The between-country slope (dashed, left panel) is steep. The within-country slope (right panel) is flatter — in some countries barely positive. This is the Easterlin paradox captured in a single figure.

3.4 Step 2 — Two-way fixed effects: controlling for global time shocks

Country FE removes stable country differences. But what about shocks that hit all countries in the same year — a global recession, a pandemic, a commodity price surge?

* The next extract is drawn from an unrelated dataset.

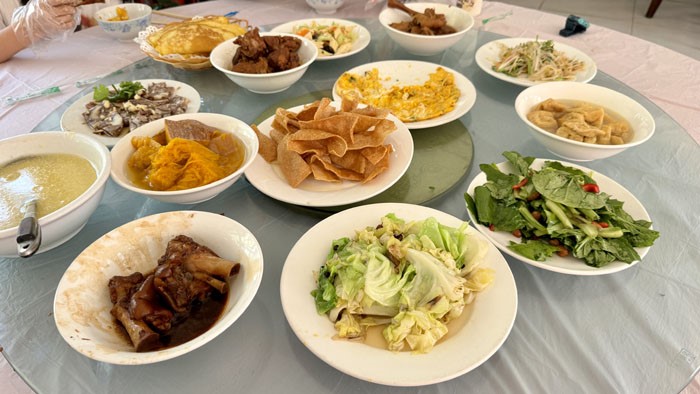 這里是吃豬蹄宴為特色的農家飯,所以我們也入鄉隨俗,點了套餐,每個人70元,豬蹄不限量。聽老板說如果一桌里人多的話還會有燉魚和豬肘子。實際體驗:飯菜口味適中,大人老人孩子都覺得不錯。

If such shocks correlate with income changes, country-only FE is not enough.

Two-way FE adds a separate intercept for each year:

\[y_{it} = \alpha_i + \gamma_t + \beta \log(\text{GDP}_{it}) + v_{it}\]

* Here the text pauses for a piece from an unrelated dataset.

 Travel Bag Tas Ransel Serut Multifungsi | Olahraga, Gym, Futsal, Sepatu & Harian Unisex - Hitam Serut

\(\hat\beta\) is now identified from variation that is neither explained by which country nor which year.

Code
m2 <- feols(happiness ~ log(GDP_pc) | country + year,
            vcov = ~country,
            data = dat)

modelsummary(
  list("Two-way FE" = m2),
  coef_map  = c("log(GDP_pc)" = "Log GDP per capita"),
  statistic = "conf.int", conf_level = 0.95,
  gof_map   = c("nobs", "r.squared", "r2.within"),
  stars     = TRUE,
  output    = "flextable"
) |> autofit()

Two-way FE

Log GDP per capita

1.554***

[0.943, 2.164]

Num.Obs.

1727

R2

0.930

R2 Within

0.142

+ p < 0.1, * p < 0.05, ** p < 0.01, *** p < 0.001

3.5 The standard progression side by side

Code
modelsummary(
  list("Pooled OLS" = m0, "Country FE" = m1, "Two-way FE" = m2),
  coef_map  = c("log(GDP_pc)" = "Log GDP per capita"),
  statistic = "conf.int", conf_level = 0.95,
  gof_map   = c("nobs", "r.squared", "r2.within"),
  stars     = TRUE,
  notes     = "95% CIs in brackets. Pooled OLS: HC1 SEs. FE models: clustered at country level.",
  output    = "flextable"
) |> autofit()
Table 1: Three models of the income–happiness relationship. 95% confidence intervals in brackets. Within-R² is the relevant fit statistic for FE models.

Pooled OLS

Country FE

Two-way FE

Log GDP per capita

0.813***

1.259***

1.554***

[0.786, 0.840]

[0.829, 1.688]

[0.943, 2.164]

Num.Obs.

1729

1727

1727

R2

0.672

0.928

0.930

R2 Within

0.150

0.142

+ p < 0.1, * p < 0.05, ** p < 0.01, *** p < 0.001

95% CIs in brackets. Pooled OLS: HC1 SEs. FE models: clustered at country level.

Reading the table:

  • Pooled OLS → Country FE: The coefficient increases from 0.81 to 1.26. This is counter-intuitive but real: the within-country income–happiness relationship is stronger than the cross-sectional comparison between countries. Countries going through active income growth (e.g. emerging markets) show larger happiness gains than the gap between a rich and a poor country at one point in time would suggest. The cross-sectional estimate is compressed partly by diminishing returns at high income levels and by stable between-country differences in happiness baselines.
  • Country FE → Two-way FE: The coefficient increases further to 1.55. Year FE removes global shocks that simultaneously raised incomes and happiness everywhere (good global years); after removing those, the within-country, within-year income–happiness signal is stronger.
  • Within-R² (0.15–0.14): income explains roughly 15–14% of within-country happiness variation — meaningful but modest. Happiness has many determinants beyond income.

4 Causal Interpretation

4.1 What the FE estimate claims — and does not claim

The two-way FE coefficient answers:

When a country’s income rises above its own historical average in a year that is not unusually good or bad for all countries, does its happiness tend to rise?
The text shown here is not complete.